Mother Speaks Out On Sports Injury Concerns

Damon Janes was a junior at Brocton High School in 2013 when he suffered a fatal head injury during a Westfield-Brocton football game. P-J file photo

BROCTON — Ten years ago, during a football game between Westfield-Brocton and Portville, the way many people view high school sports across Western New York was changed forever.

Damon Janes, a junior running back from Brocton, suffered a head injury during a game in September 2013. Janes lost consciousness and was transported to a hospital. Three days later, in a Buffalo hospital, Janes died at the age of 16.

Horrifyingly, the tragedy that took Janes’ life was not unique. According to the National Center for Catastrophic Sport Injury Research at the University of North Carolina, Janes was one of eight players whose deaths were directly related to high school football in 2013. Multiple others died that year from indirect causes, such as a heat stroke or sudden cardiac arrest, tied to exertion in general, but not unique to football.

Janes’ mother, Penny Gilbert, believes “firmly and wholeheartedly” that injury prevention and management needs to be addressed on a large scale. However, after years of speaking to the importance of the topic, Gilbert has become “tired of speaking to deaf ears.”
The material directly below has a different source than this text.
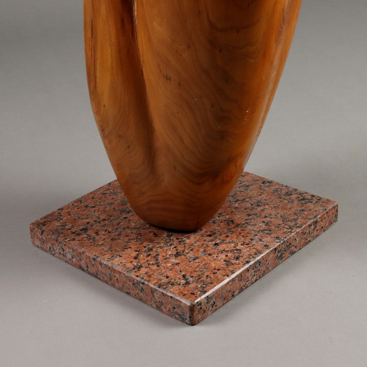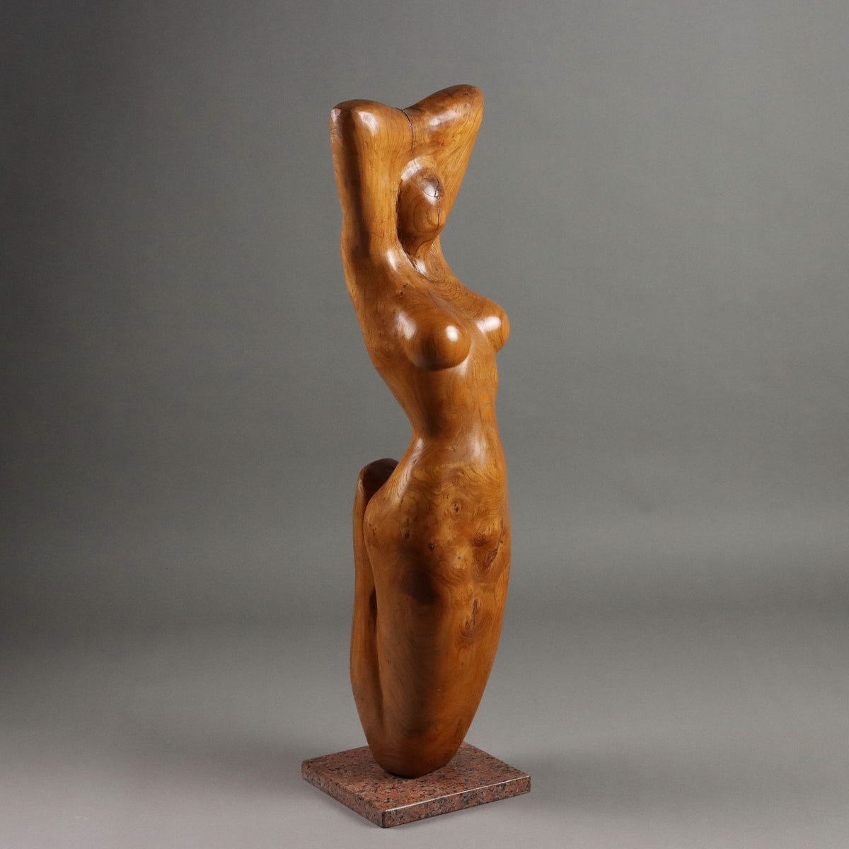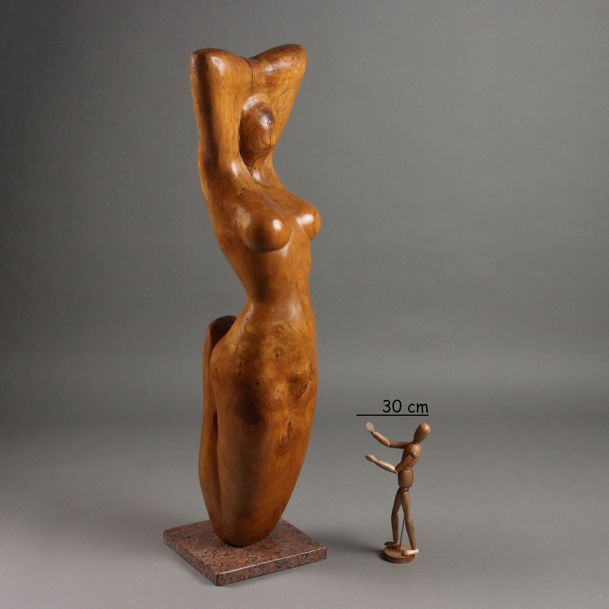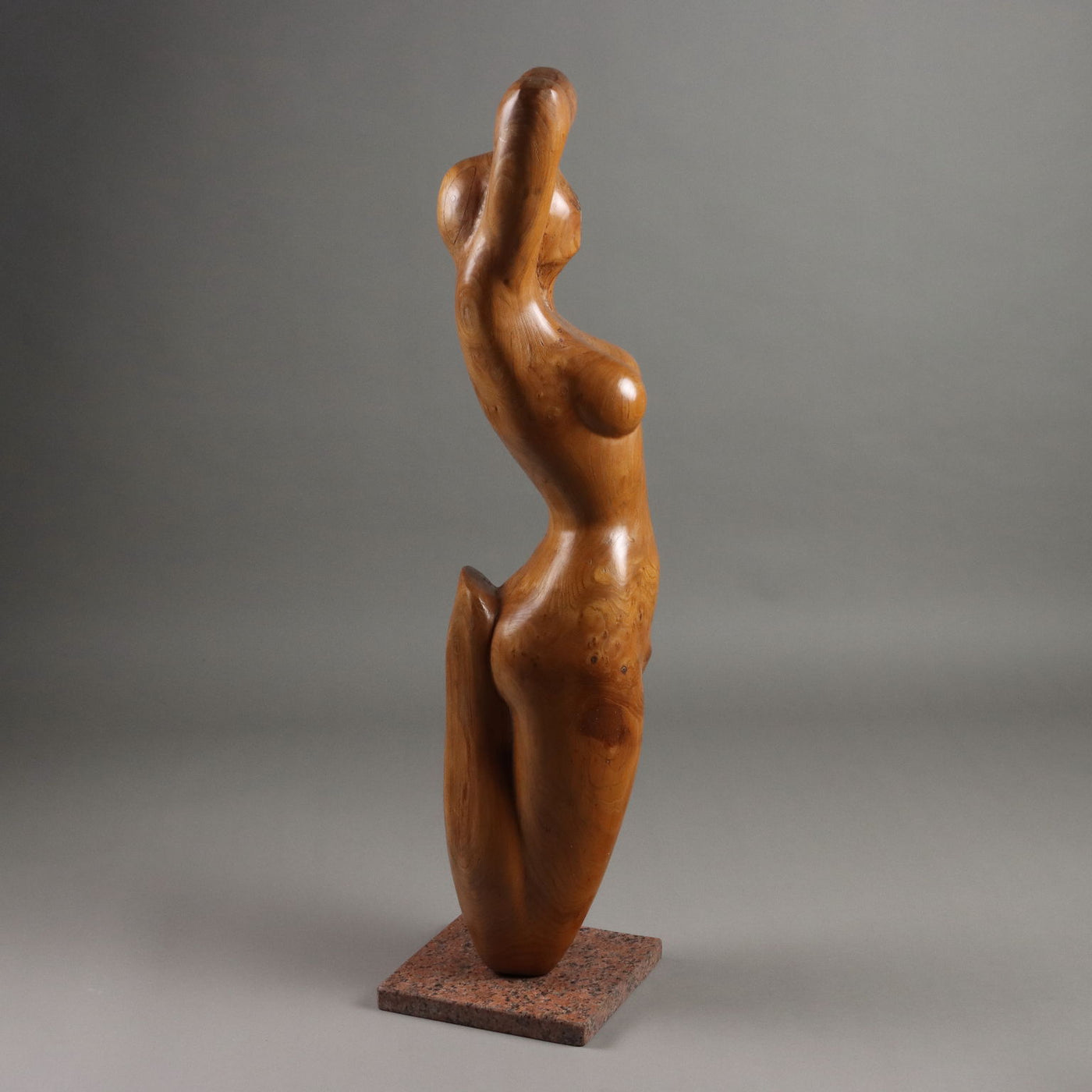 Carved wooden sculpture on a red granite base depicting a female nude. The author's signature is engraved on the back. Vintage objects, vintage objects, 1960s articles, 1970s articles, 1930s articles, 1940s objects, 1950s objects, design articles.
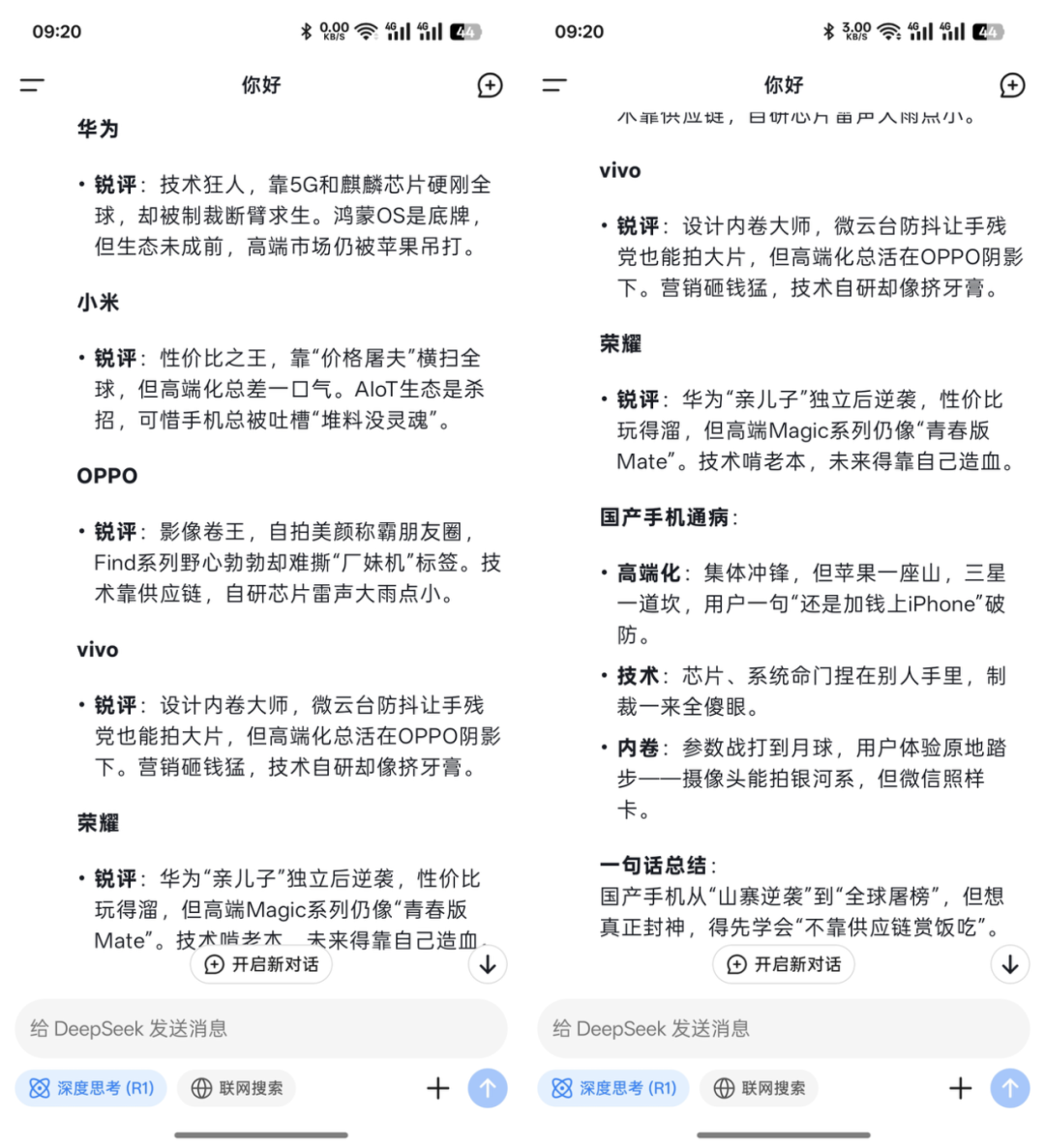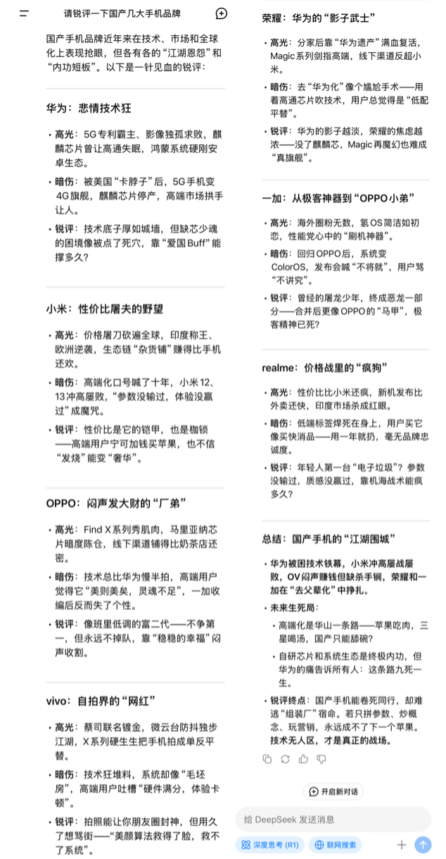 试着让最近很火的AI平台DeepSeek锐评一下国产手机品牌,大家觉得这评价如何?

Advancements in safety have been seen throughout the sport of football in the decade since Janes’ death, including increased education on identifying traumatic brain injuries, a national coaching focus on proper tackling techniques from USA Football, and safer helmets implemented at many levels across the nation. But with the nature of a contact sport such as football, serious injury risks will always be attached.
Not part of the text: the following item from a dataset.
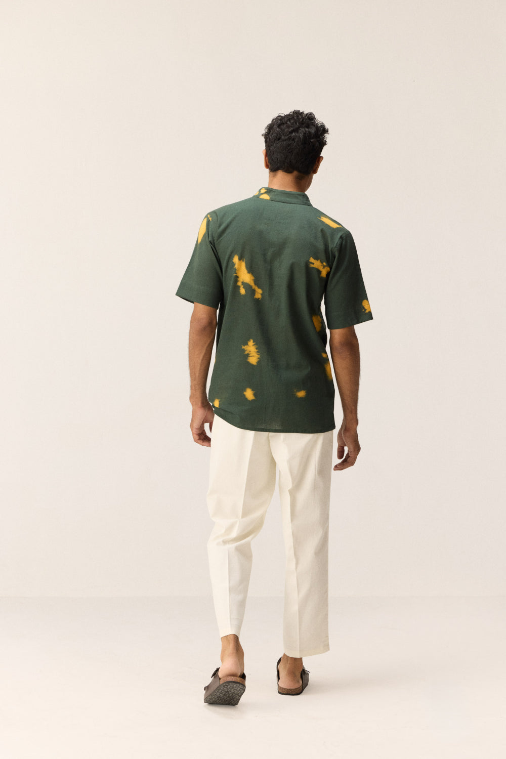 This dark green khadi shirt stands out with its striking yellow shibori patches—each one hand-dyed for a unique, artisanal flair. The breathable fabric keeps it cool and comfortable, while the bold contrast adds a fresh, unexpected twist to a timeless silhouette.
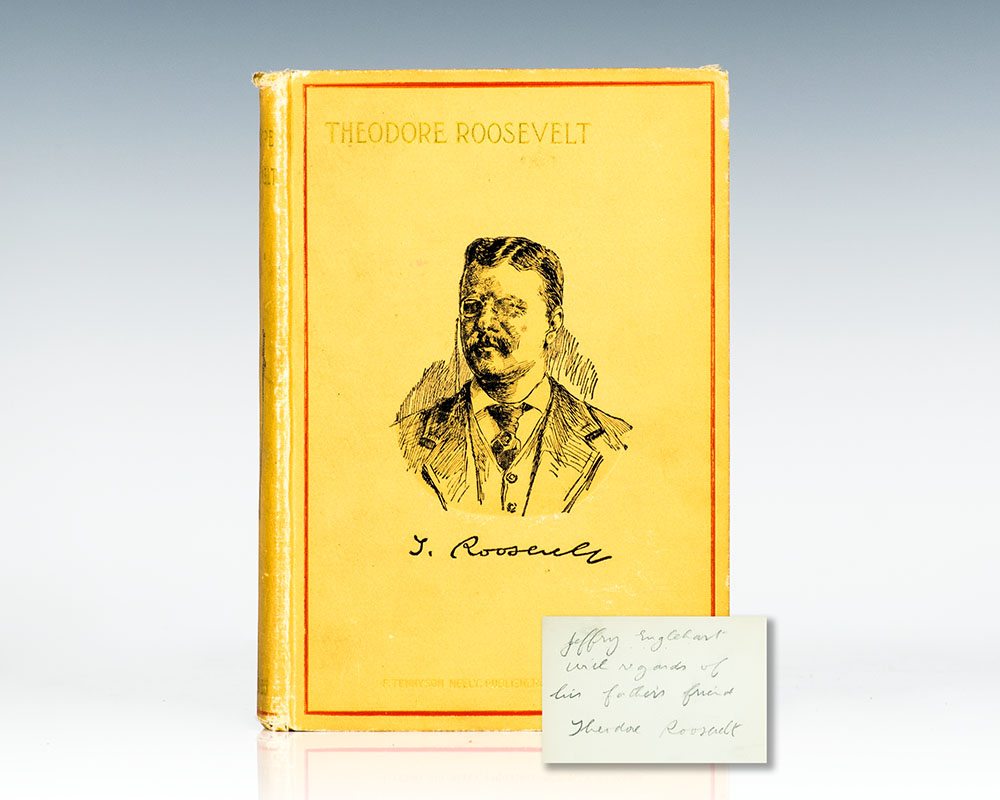 First edition of this early biography of Theodore Roosevelt. Octavo, original cloth, gilt titles to the spine, front panel, frontispiece of Roosevelt. Inscribed by Theodore Roosevelt on the front free endpaper in a contemporary hand, "Jeffrey Englehart, with regards of his father's friend, Theodore Roosevelt." In very good condition, with an ownership stamp of the recipient below. In very good condition. Rare, this is the first example we have seen signed and inscribed by Roosevelt.

“Unnecessary injuries aren’t going to go away. I’ve said it plenty,” Gilbert said. She stated that people “chalk it up” as comments from a grieving parent or justify their decision to let their children play sports by viewing what happened to Damon Janes as a “freak accident.”

“They truly lack a full understanding that their children may not come home,” Gilbert said.

Despite those risks, Gilbert does not want to see opportunities through sports be taken away from kids. Even though the tragedy of losing a son, Gilbert sees the benefits to sports for children.

“The last thing I’d ever like to see are sports taken away. It builds so much structure, self-esteem, unity, comradeship, and teamwork,” Gilbert said. “They stay active and fit. It builds character, commitment, and in some cases, a sense of belonging.”

What Gilbert does want to see is an increased investment into safety in youth athletics, including the addition of athletic trainers and newer, safer equipment. In doing so, Gilbert believes the investment will benefit student-athletes not only during competition, but also away from the game.

“Athleticism goes hand-in-hand with academics. Many children get full scholarships to colleges to further their education from sports. It’s time to stop shortchanging the funding for it. It’s been time … it’s way overdue,” Gilbert said. “Lack of funding and broken politics in schools get broken children in our future.”

Gilbert and Janes’ family sued multiple school districts after his untimely death because they claimed his death was preventable. Some of the issues that presented themselves a decade ago at Janes’ tragic death remain, most notably, the lack of athletic trainers at many sporting events across Western New York.

“All schools should be provided the financial support to fund these extra-curricular activities,” Gilbert said. “The time to throw money to the well-being of our rural youth is now.”

At a recent Board of Education meeting at Fredonia Central School, after multiple injuries were sustained in a Fredonia football game, Fredonia resident Marie Persch spoke about the risks to players in high school sports. Persch, a Brocton teacher, was the athletic director at Brocton Central School when Janes died.

“I can tell you from personal experience that it will be very difficult for you to personally recover from a child that doesn’t come back,” Persch said to the Fredonia Board of Education, referring to Janes’ death as she fought back tears.

Also speaking that night was Susan Johnson, a Fredonia parent whose son suffered a concussion during a game. She noted that the district’s concussion management policy was not available online to view. In the weeks since, the policy was updated and posted for the public.

“I commend the ladies who spoke up in Fredonia. I hope they can make a difference,” Gilbert said. “Although, I’m not holding my breath.”